__Work order__.
What is needed is a word-for-word copy of the listing below, without pictures.

__Collected material__.
═══
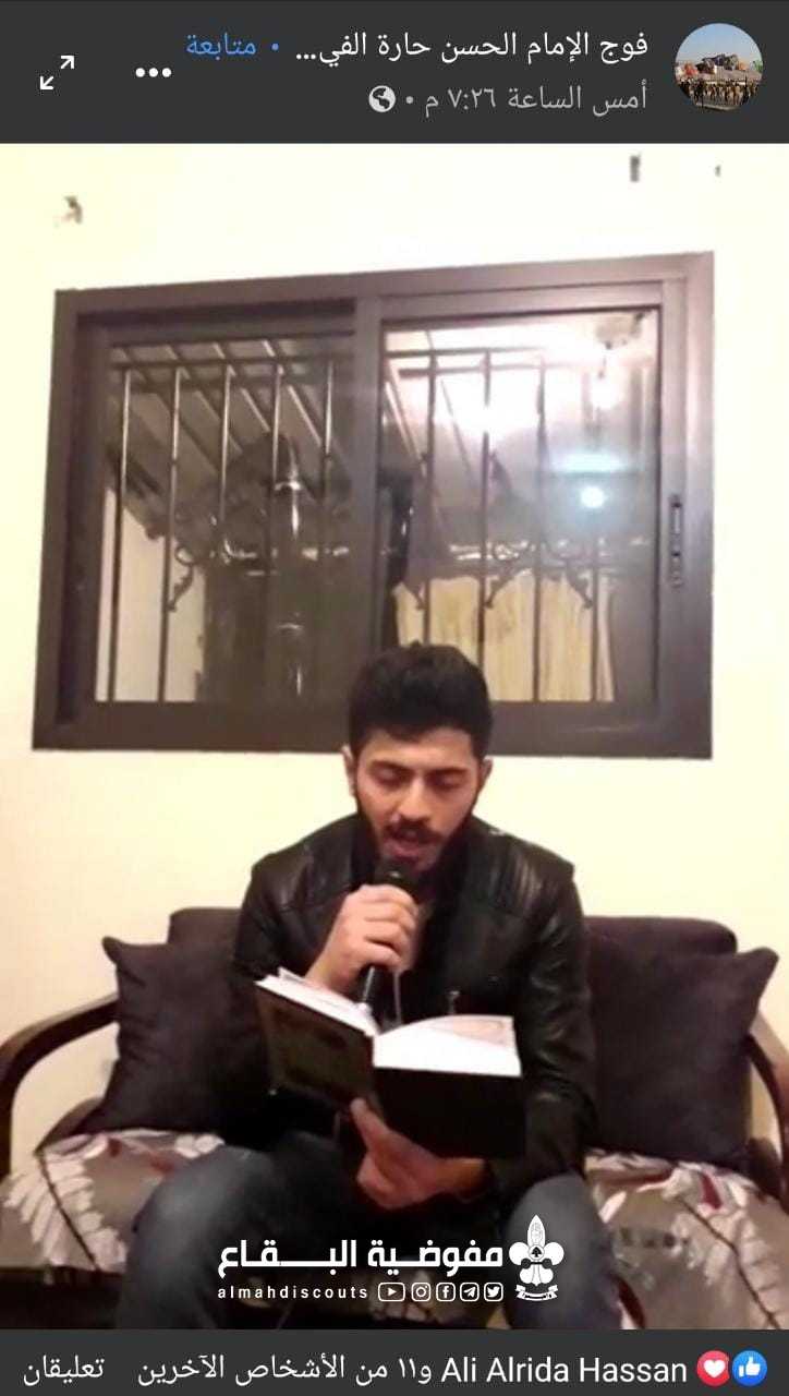 للابداع عنوان ومن منزل عميد الفوج ولاستمرار العمل الكشفي فقد نفذ فوج الامام الحسن عليه السلام حارة الفيكاني /القطاع الشرقي نشاط دعاء التوسل فيديو عبر صفحة الفوج على الفايس بوك ، كما ودعا جميع القادة والعناصر لاستماعه مباشرة على الصفحة.
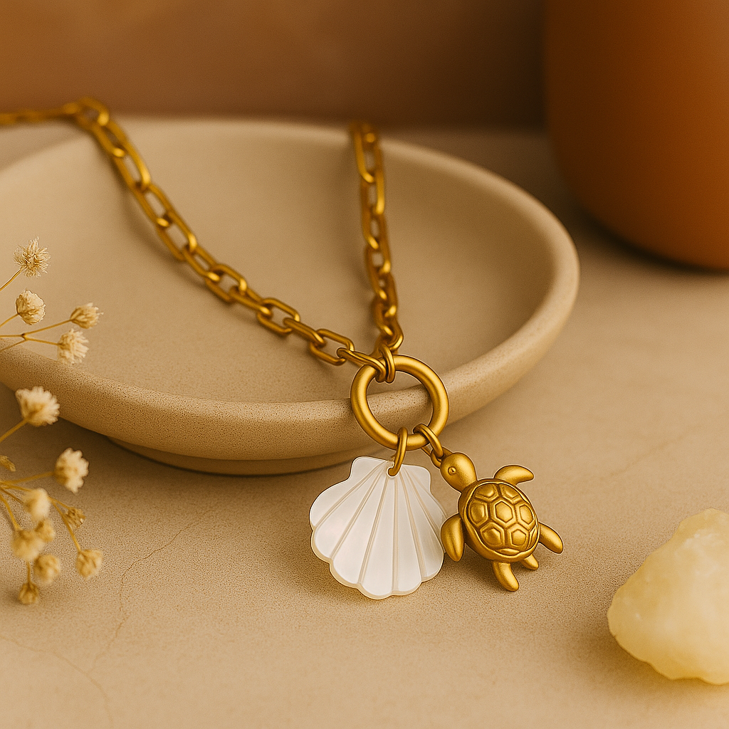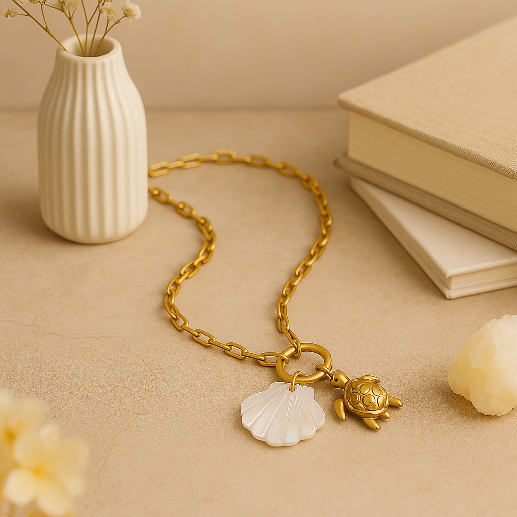 This piece is especially popular among those searching for trendy charm necklaces, aesthetic gold jewellery, Korean-style jewellery, and lightweight artificial jewellery for everyday use. Its versatile design makes it suitable for gifting, vacation outfits, summer fashion, and daily minimalist looks. The turtle and shell combo also ties into spiritual and emotional keywords such as symbolic jewellery, protective talisman necklaces, and meaningful pendant chains.
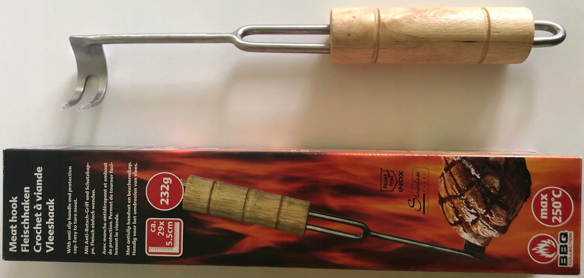 Стальной крюк с метким названием свиной хвост – инструмент, который будет незаменим при переворачивании и поднятии больших, жирных или просто тяжелых кусков мяса.
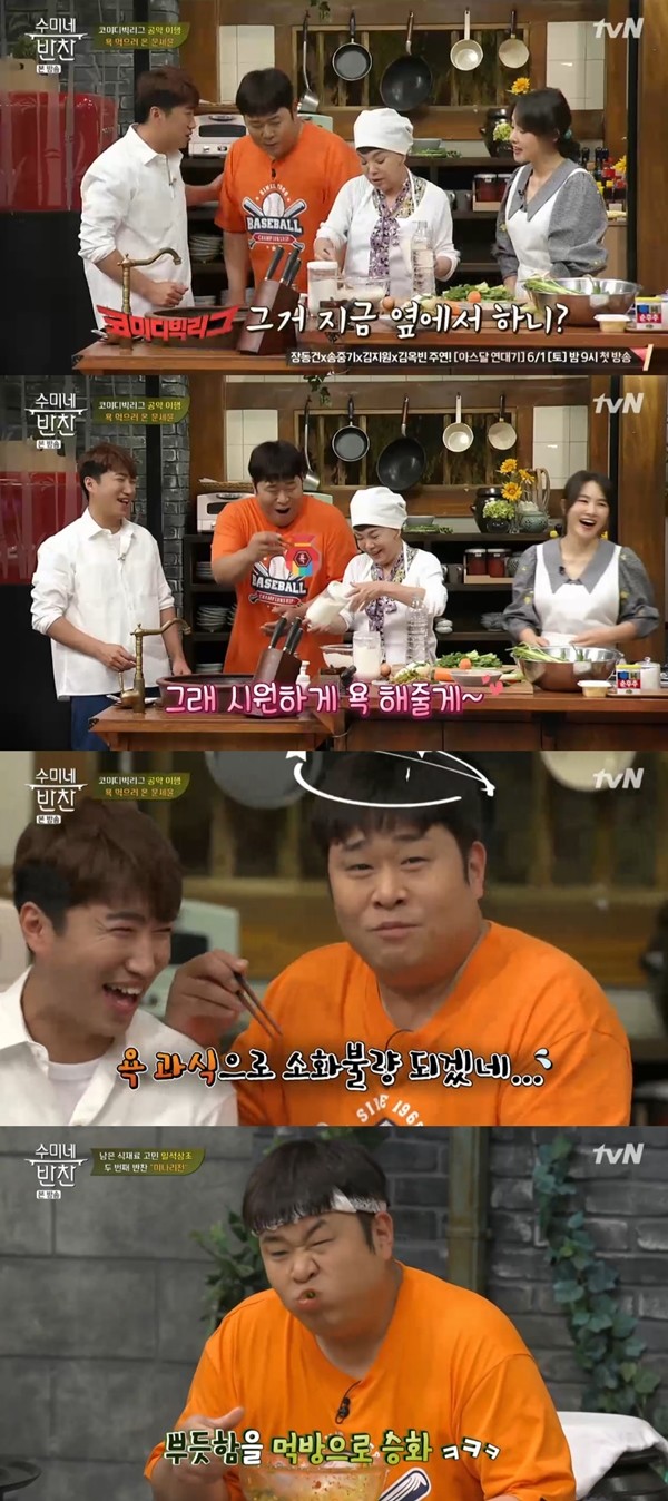 그러자 김수미는 욕을 날리며 "욕먹으러 왔으면 욕이나 실컷 먹고 가라"고 말했고, 이에 감동한 문세윤은 "여기 '수미네 반찬'이 아니라 욕 맛집"이라고 감탄했다.
═══
__Completed task__.
 للابداع عنوان ومن منزل عميد الفوج ولاستمرار العمل الكشفي فقد نفذ فوج الامام الحسن عليه السلام حارة الفيكاني /القطاع الشرقي نشاط دعاء التوسل فيديو عبر صفحة الفوج على الفايس بوك ، كما ودعا جميع القادة والعناصر لاستماعه مباشرة على الصفحة.
 This piece is especially popular among those searching for trendy charm necklaces, aesthetic gold jewellery, Korean-style jewellery, and lightweight artificial jewellery for everyday use. Its versatile design makes it suitable for gifting, vacation outfits, summer fashion, and daily minimalist looks. The turtle and shell combo also ties into spiritual and emotional keywords such as symbolic jewellery, protective talisman necklaces, and meaningful pendant chains.
 Стальной крюк с метким названием свиной хвост – инструмент, который будет незаменим при переворачивании и поднятии больших, жирных или просто тяжелых кусков мяса.
 그러자 김수미는 욕을 날리며 "욕먹으러 왔으면 욕이나 실컷 먹고 가라"고 말했고, 이에 감동한 문세윤은 "여기 '수미네 반찬'이 아니라 욕 맛집"이라고 감탄했다.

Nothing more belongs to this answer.